◆ INPUT DATA
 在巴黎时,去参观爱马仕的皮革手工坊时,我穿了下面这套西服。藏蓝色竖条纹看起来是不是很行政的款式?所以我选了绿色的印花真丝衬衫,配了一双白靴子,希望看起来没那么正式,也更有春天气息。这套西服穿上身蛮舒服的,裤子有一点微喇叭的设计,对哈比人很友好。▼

==

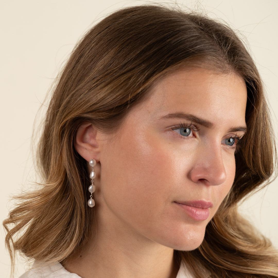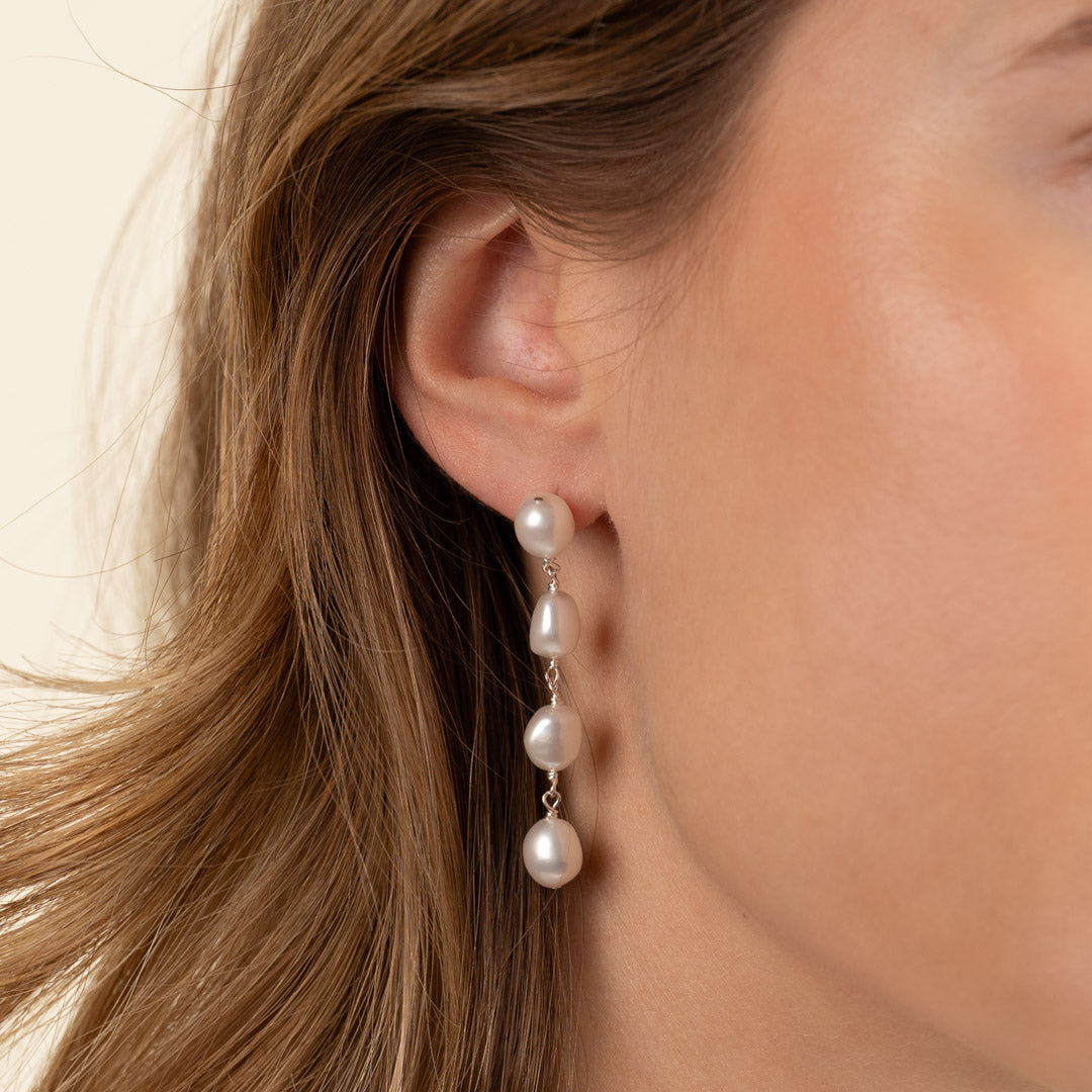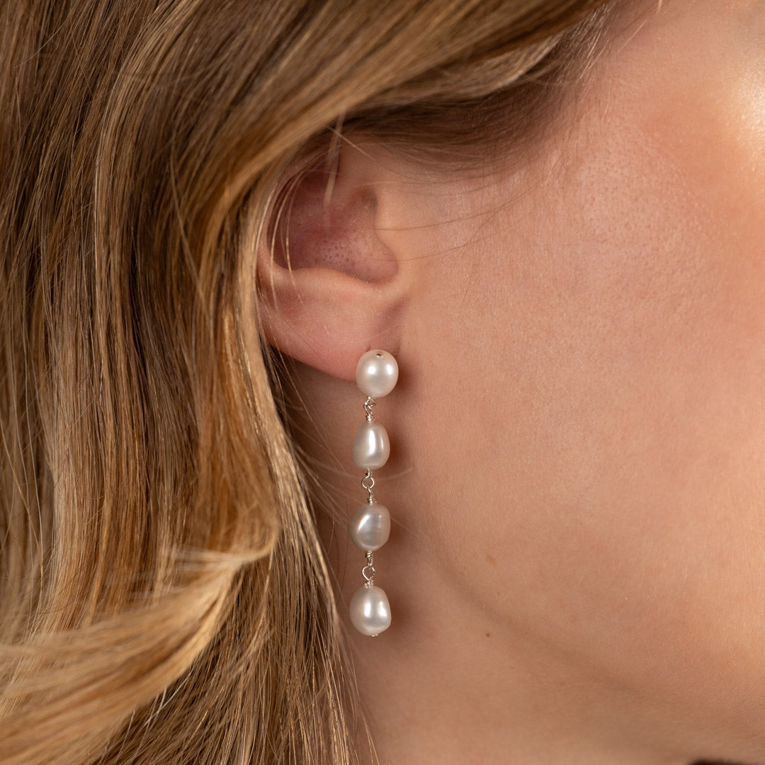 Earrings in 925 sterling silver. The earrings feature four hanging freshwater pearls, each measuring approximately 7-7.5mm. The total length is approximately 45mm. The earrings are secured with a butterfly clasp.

---

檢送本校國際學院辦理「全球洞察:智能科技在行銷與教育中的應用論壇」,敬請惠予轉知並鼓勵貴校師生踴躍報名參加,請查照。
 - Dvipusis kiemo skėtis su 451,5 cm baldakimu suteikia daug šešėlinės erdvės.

◆ PROMPT
All that belongs in your answer is the stretch of entries above from the line with "檢送本校國際學院辦理「全球洞" through the line with "- Dvipusis kiemo", printed exactly.

◆ REPLY
檢送本校國際學院辦理「全球洞察:智能科技在行銷與教育中的應用論壇」,敬請惠予轉知並鼓勵貴校師生踴躍報名參加,請查照。
 - Dvipusis kiemo skėtis su 451,5 cm baldakimu suteikia daug šešėlinės erdvės.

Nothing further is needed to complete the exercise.